The combined companies will enjoy access to a considerably enhanced, integrated global network. TNT Express has a strong European road platform and major hub in Lieb, Belgium.

TNT Express customers will be able to tap into FedEx’s portfolio of solutions, including global air express, freight forwarding, contract logistics and surface transportation capabilities, according to a joint statement.

“We believe that this strategic acquisition will add significant value for FedEx shareowners, team members and customers around the globe. This transaction allows us to quickly broaden our portfolio of international transportation solutions to take advantage of market trends – especially the continuing growth of global e-commerce – and positions FedEx for greater long-term profitable growth,” said Frederick W. Smith, chairman and CEO of FedEx Corp.

TNT Express CEO Tex Gunning said the offer came unsolicited. “This offer comes at a time of important transformations within TNT Express and we were fully geared to executing our stand-alone strategy. But while we did not solicit an acquisition, we truly believe that FedEx’s proposal, both from a financial and a non-financial view is good news for all stakeholders. Our people and customers can profit from the true global reach and expanded propositions, while with this offer our shareholders can already reap benefits today that otherwise would only have been available in the longer run.”

Both firms noted in a statement that they expect to wrap up the acquisition within the first six months of 2016 and don’t foresee any major anti-trust complications.

Both FedEx and TNT also agreed to several caveats as part of this deal:

  • Existing employment terms of TNT Express will be respected;
  • The European regional headquarters of the combined companies will be in Amsterdam/Hoofddorp in the Netherlands;
  • TNT Express’ hub in Liege, Belgium, will be maintained as a significant operation for the group going forward;
  • TNT Express’ airline operations will be sold off, in compliance with applicable airline ownership regulations.

United Parcel Service attempted to acquire TNT Express nearly two years ago in a deal that was disallowed by the European Commission due to anti-competitive issues.

Alan Graf, FedEx’s chief financial officer, said he was “very confident” in regulatory approval being secured.

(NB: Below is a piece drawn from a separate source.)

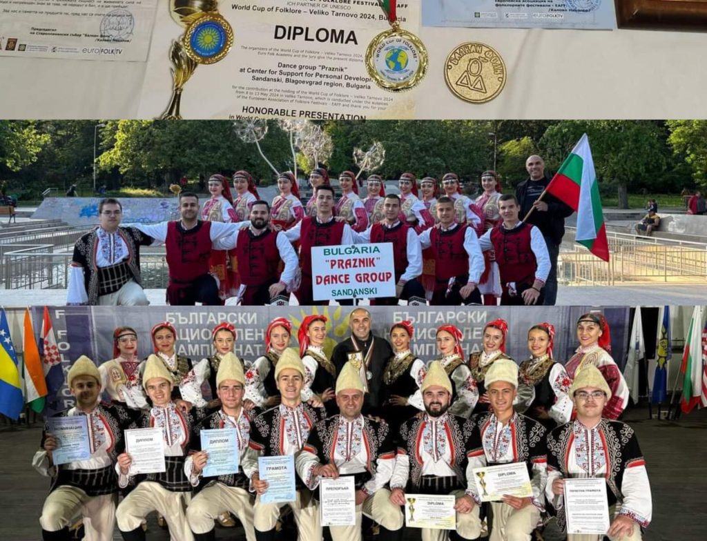 Момичетата и момчетата от ТС “Празник” към Център за подкрепа за личностно развитие, град Сандански отново грабнаха сърцата на публиката и журито на провелия се XIV Български национален шампионат по фолклор “Евро фолк 2024”, Велико Търново.
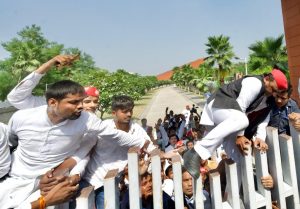 लखनऊ । सपा के राष्ट्रीय अध्यक्ष (SP National President) अखिलेश यादव (Akhilesh Yadav) जेपीएनआइसी का गेट फांदकर (Crossed the Gate of JPNIC) जेपी की मूर्ति पर माल्यार्पण करने (To Garland the Statue of JP) पहुंचे (Arrived) । समाजवादी चिंतक और विचारक जय प्रकाश नारायण की जंयती पर बुधवार को सपा के राष्ट्रीय अध्यक्ष अखिलेश यादव के जेपीएनआइसी जाने से रोकने के लिए एलडीए ने मंगलवार देर शाम गेट पर ताला लगा दिया, लेकिन पुलिस के मना करने पर अखिलेश यादव अपने समर्थकों के साथ गेट फांदकर अंदर पहुंच गए और माल्यार्पण किया।

TNT Express Chairman Anthony Burgmans said the FedEx deal is “much simpler” than the UPS one, which means fewer synergies but a better strategic fit. “We’re pored over this in detail, and we feel very confident,” he said. “Last time we thought it was doable but complex, but this time, we are as certain as can be in life that this deal will close in Brussels.”

Roger Sumner-Rivers, an industry expert and founder of pioneering internet couriers ParcelHero, which delivers fast, reliable and cost-effective courier services to over 220 countries, told Forbes the acquisition would be good for the industry.

“It’s not only the courier industry that will benefit, but it is customers that should ultimately be the real winner,” he said. He also believes the resulting company, will lead to “stronger competition” within Europe and globally.

“This merger will most likely succeed because FedEx and TNT are a shrewder fit than UPS and TNT was. They complement each other without overlapping significantly,” he said. “UPS’ primary goal in seeking to takeover TNT was to build on its already substantial European business, which would have resulted in the combined company holding an unassailable 30 percent of the European market. The FedEx-TNT merger is far less likely to fall foul of EU competition authorities.”

The FedEx-TNT tie up would command around 17-18 percent of the market.

A strong dollar against the Euro proved to be a boon for FedEx. FedEx timed the purchase to save 22 percent on the price from a year ago.